If women had bothersome hot flashes, they were six times more likely to be depressed. "This isn't just a little bit of sadness; it's the real McCoy," Cohen says.

Other studies have checked women's hormone levels and found the hormonal roller coaster of perimenopause can spur depression and anxiety. Perimenopause can last four years or more and begins, on average, at the age of 47, Cohen says.

Conventional wisdom until a few years ago held that menopause — when periods have stopped for a year — left women depressed. New research is finding no evidence for that, Cohen says.

Most women sail through the transition without major mood swings. But Cohen says more research is needed to find out how many develop mental-health problems during the shift into menopause, and what might put women at high risk.

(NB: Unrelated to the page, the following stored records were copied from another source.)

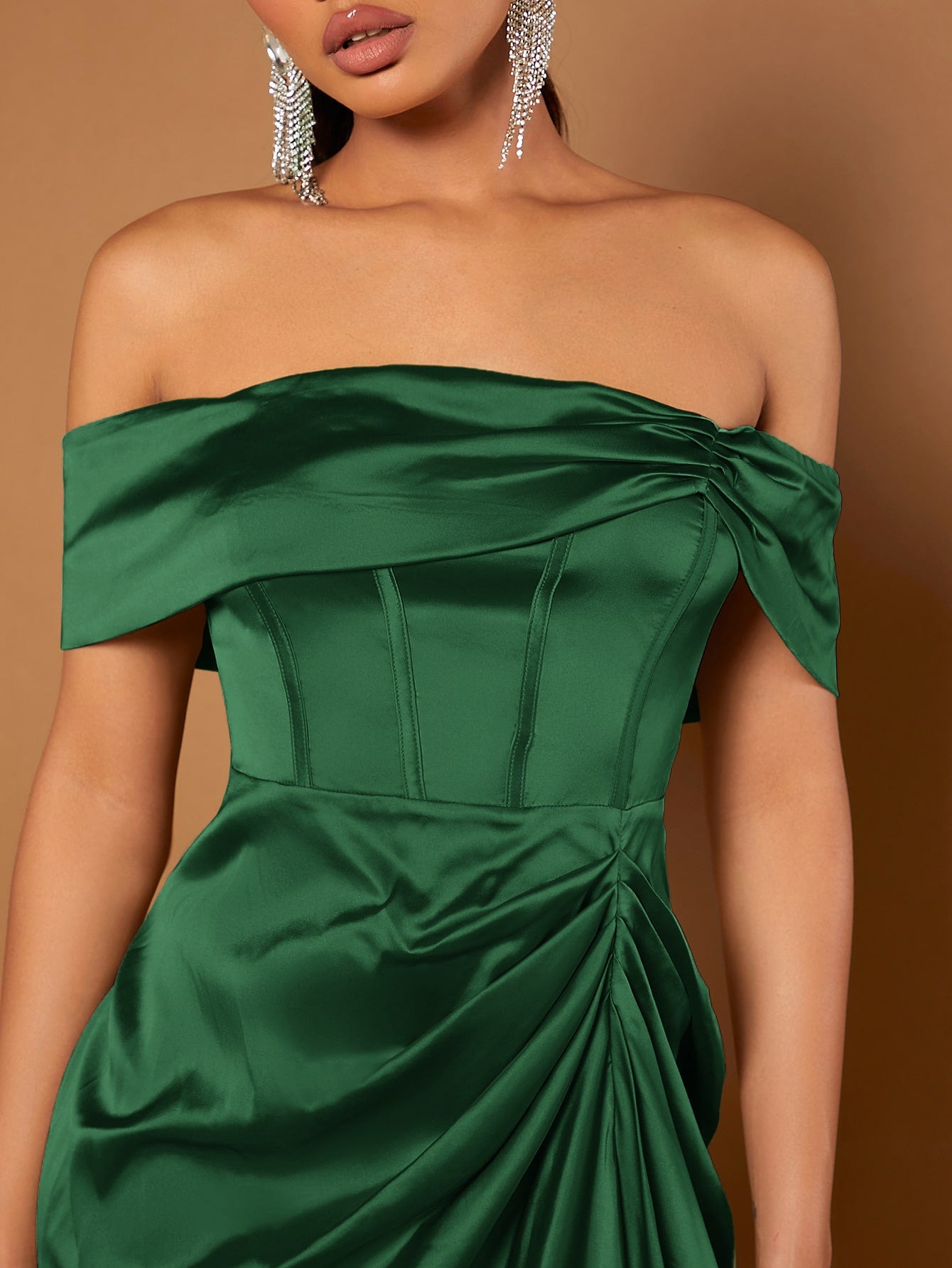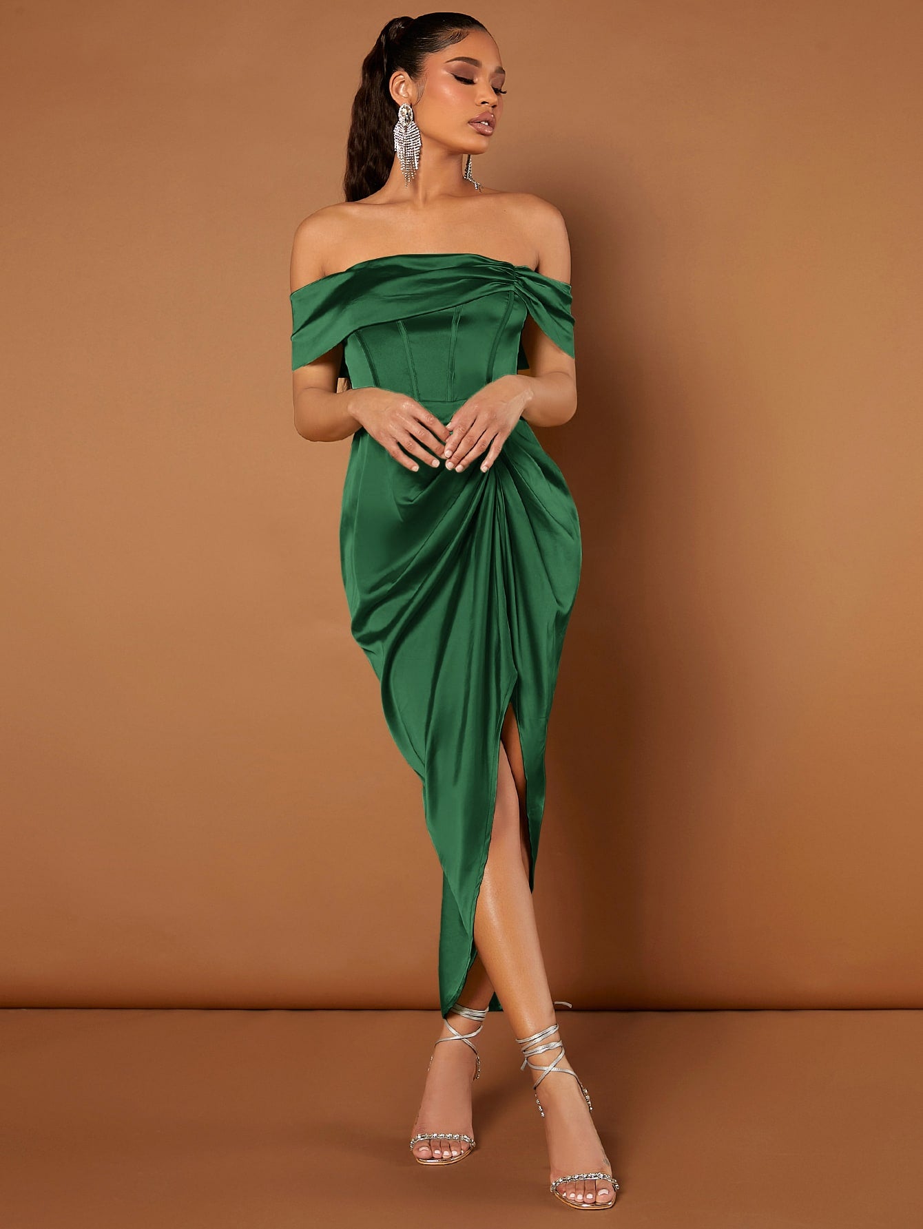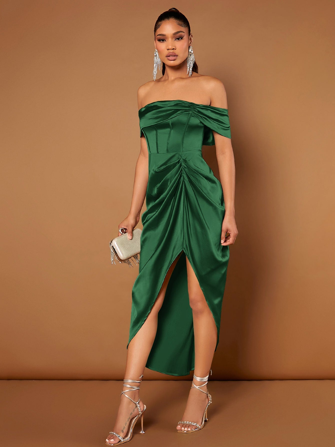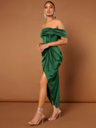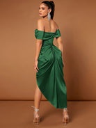 فستان BAE مكشوف الكتفين بحافة غير متماثلة مكشكشة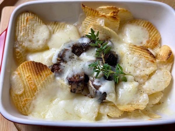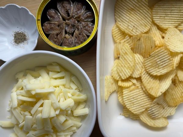1.グラタン皿に厚切りポテトチップスと北海道いわし醤油味 黒胡椒 1缶と缶の汁大さじ2を入れる。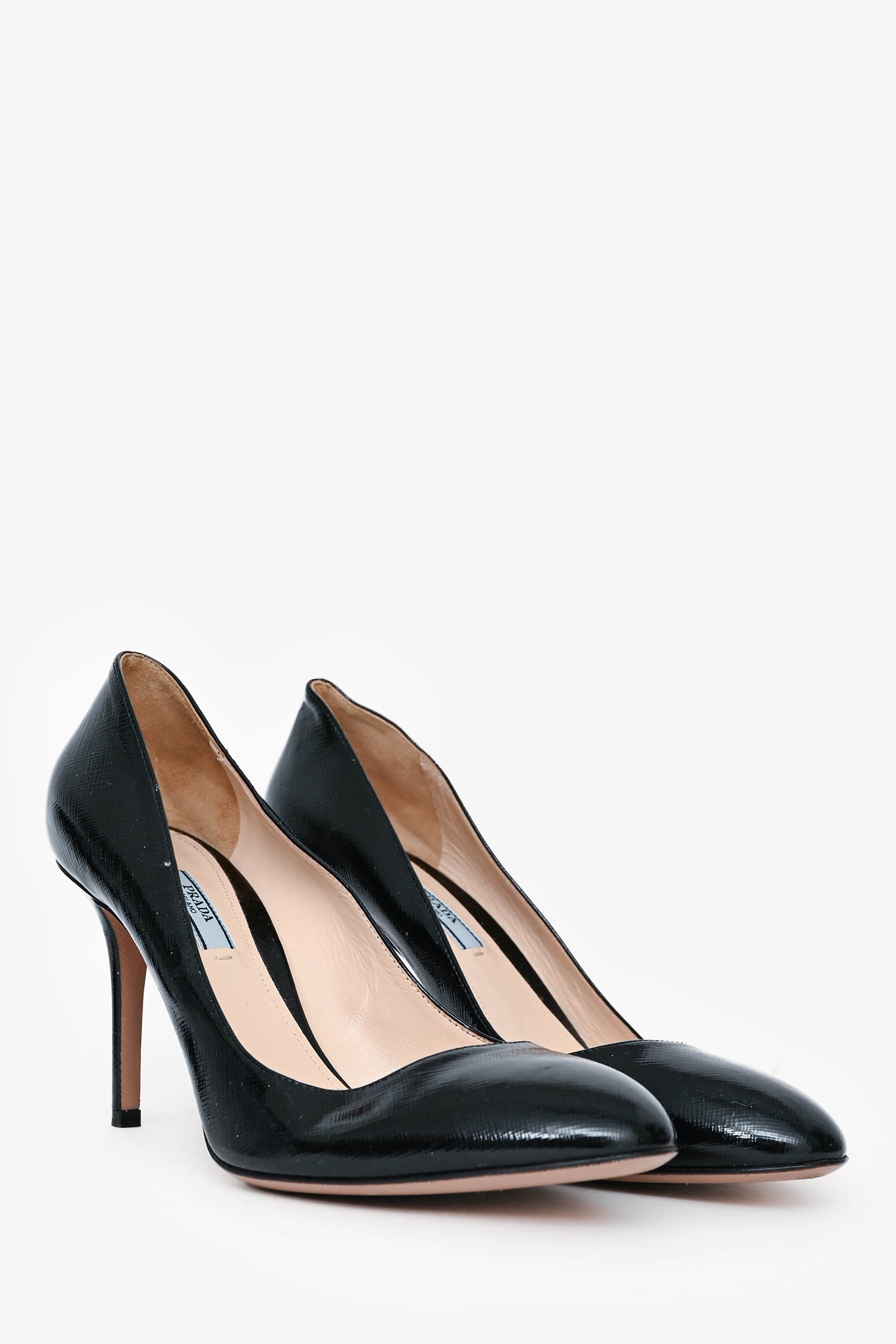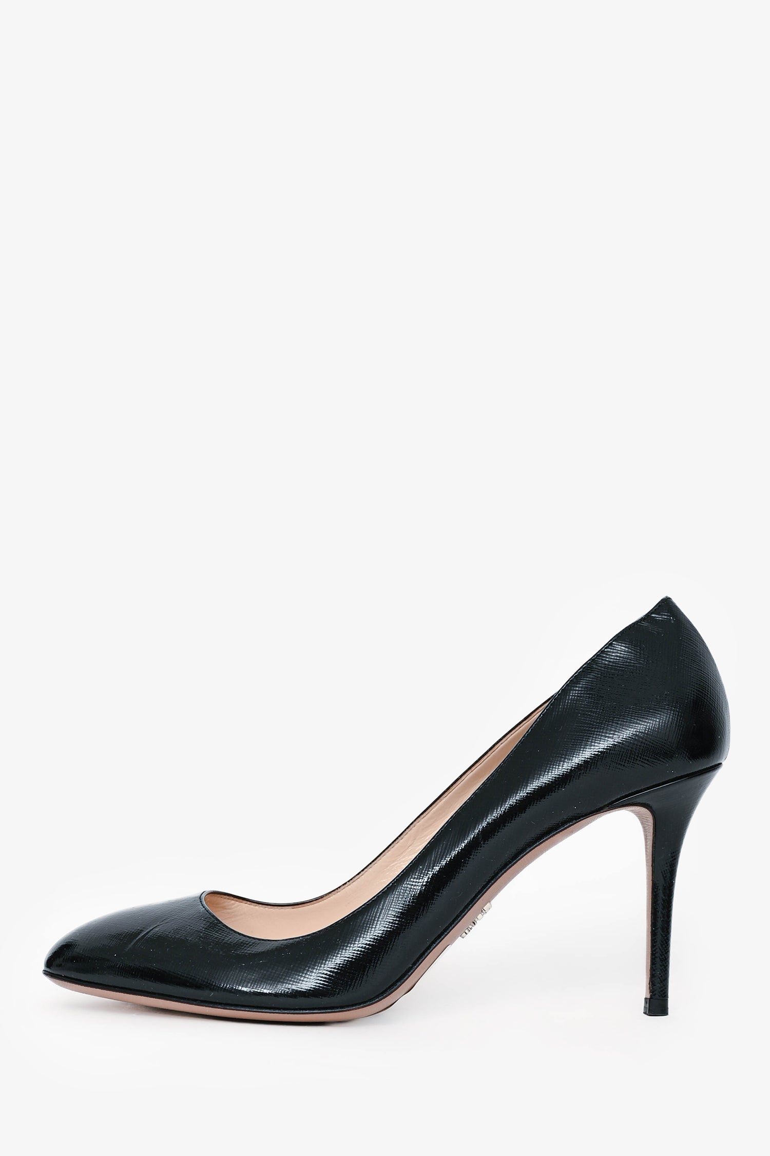 Prada Black Coated Saffiano Leather Pump Heels. Slip-on. Pointed toe. Leather lining and insole. Stiletto heel. Silver-tone hardware. Tonal stitching.

Certain groups of women appear to suffer more than others. Those who have trouble making ends meet reported having worse hot flashes than affluent women in the Study for Women's Health Across the Nation (SWAN).

Hot flashes also correlated with worse mental health.

"But depressed women tend to rate lots of things as more bothersome," so it's hard to say if their hot flashes were worse or just seemed that way because of poor mental health, says University of Pittsburgh psychologist Karen Matthews, a SWAN researcher.

Women reported more depressive symptoms in early perimenopause, Matthews says. "By the time 12 months had gone by with no periods, they looked just like they had before."